Tuesday, March 07, 2006

The 5,000 Fingers of Dr. T (1953)

Why didn't Dr. Seuss make more movies? This imaginative delight represents the author's only foray into feature filmmaking; would that we all could get to make a one-shot as good as this. Very obviously Seussian from its opening frames, with the kind of remarkable surreality that made his books so much fun and the odes to unfettered imagination (i.e. the fishing scene). Also very much a kid's film in the best senses, in that it not only provides fine family-safe entertainment but also credibly tells a story from a child's vantage point.

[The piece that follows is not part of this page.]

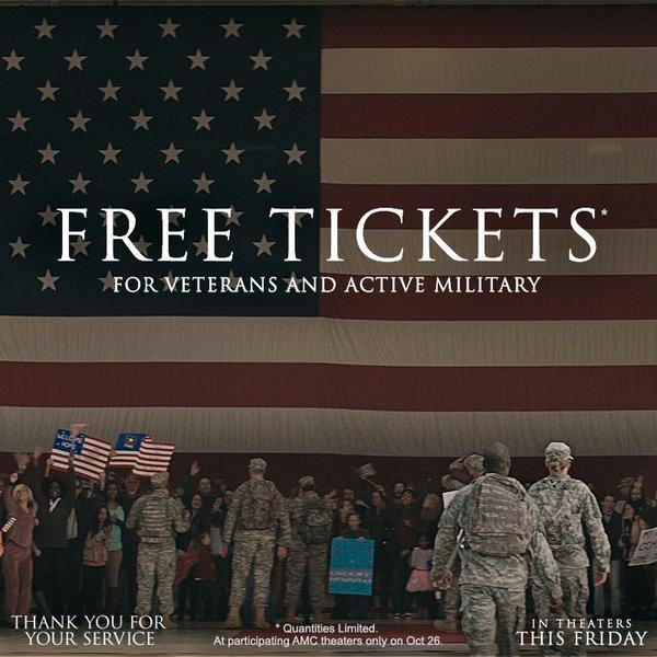 The promotion will be available at all AMC Theatres playing “Thank You for Your Service.” Free tickets will be available on a first-come, first-served basis and may only be picked up at the AMC box office on Oct. 26, 2017.

This latter aspect is emphasized by the compositional vastness of the sets and the shot setups, which often place our undersized hero at the center of barren landscapes or near towering objects. The film also speaks to a number of childhood anxieties -- not only the lack of size (being smaller than everyone around you), but also the niggling idea that the adults won't listen to you and may even be against you, as well as the suspicion that character-building busywork (i.e. piano lessons) lead to nowhere and nothing. (The ladder that leads to nowhere is a nice expression of the last point.) Hampered a bit by stiff acting, but overall it's really quite something. Maybe that's why Dr. Seuss only wrote one film -- after creating something so singular, why would you need to make another?